June 28, 2013

On the day you’re gone



On the day you’re gone, I didn't cried. Not a tear. Everybody was so in despair. Mom couldn't handle it. Everybody was just stood in front of you. Shook their heads, did not believed that you’re gone, so fast.

On the day you’re gone. It was rained, so hard. I can feel the sad air all over the house, the garden, the street, the sky. All really sad and mourned. 

On the day you’re gone. You look so tall, and skinny. We wrapped you with your favorite batik cloth from your mother. We can smell the camphor all around you. It was making me sad, the smell. It’s a scent of death, and i'm sad.

On the day you’re gone. I build a shield around me.

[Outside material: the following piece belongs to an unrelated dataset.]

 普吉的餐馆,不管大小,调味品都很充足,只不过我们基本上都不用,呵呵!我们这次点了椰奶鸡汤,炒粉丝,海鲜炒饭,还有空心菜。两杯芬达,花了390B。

Nobody can touch me, or hug me, or pat me in the back. Not event my boyfriend. I was really really sad that I couldn't handle people watching me or facing me with sad face.

On the day you’re gone. We’re all relieved, that you no longer feel those pains you got in your head, in your chest, in your heart. I wish you could've saying some wiser words to us, because its been a really tough time for all of us, your kids, wife, family.

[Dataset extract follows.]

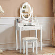 Makeup Vanity Dressing Table Set with Dimmable Bulbs Cushioned Stool-White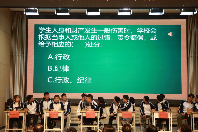 “强化四大行动,提升文明素养”,4月11日下午英国365公司在高新校区博爱厅开展第九届“《学生手册》知识竞赛”,此次活动面向英国365公司2022级全体新生,以强化学生校规校纪观念,增强学生“自我教育”、“自我管理”、“自我服务”的意识为目的。英国365公司党总支书记李昌锋,学生处教育管理科科长王力老师,英国365公司学工办主任王海燕,2022级全体辅导员及2022级部分新生到现场观赛。

On the day you’re gone. We drove you to cemetery. The rain stopped. Everybody was there. People from your new office; old office, your clients, your business partners, your former boss, people you’ve been helping before, your enemies, my friends, mom’s friends, people from your in-law’s office, the becak guy who you always assigned to clean our garden, the guy who fixed our tv antenna, the owner of thrift shop whom you always shared your favorite hobby. I could listen them reminiscing their good time with you.

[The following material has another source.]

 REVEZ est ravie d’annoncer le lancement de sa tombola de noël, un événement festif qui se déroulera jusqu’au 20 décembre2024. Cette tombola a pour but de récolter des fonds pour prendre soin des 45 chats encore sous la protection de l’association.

On the day you’re gone. I watched them turn your face and body facing the ground. We said loads of prayers. Wishing you a peaceful rest, that we glad God took you so easy in between your sleep and everybody was there until your last breath.

On the day you’re gone. Everybody walked way. I stayed for a couple of minutes. The soil was orangeish wet; it stuck in between my toes. It stucked like it wont let me go from the place i were standing. The minute they put the wooden headstone with your name. It felt like i have the same exact size of wooden signage stabbed into my heart too, and its hurting to bones. and i cried so hard, inside.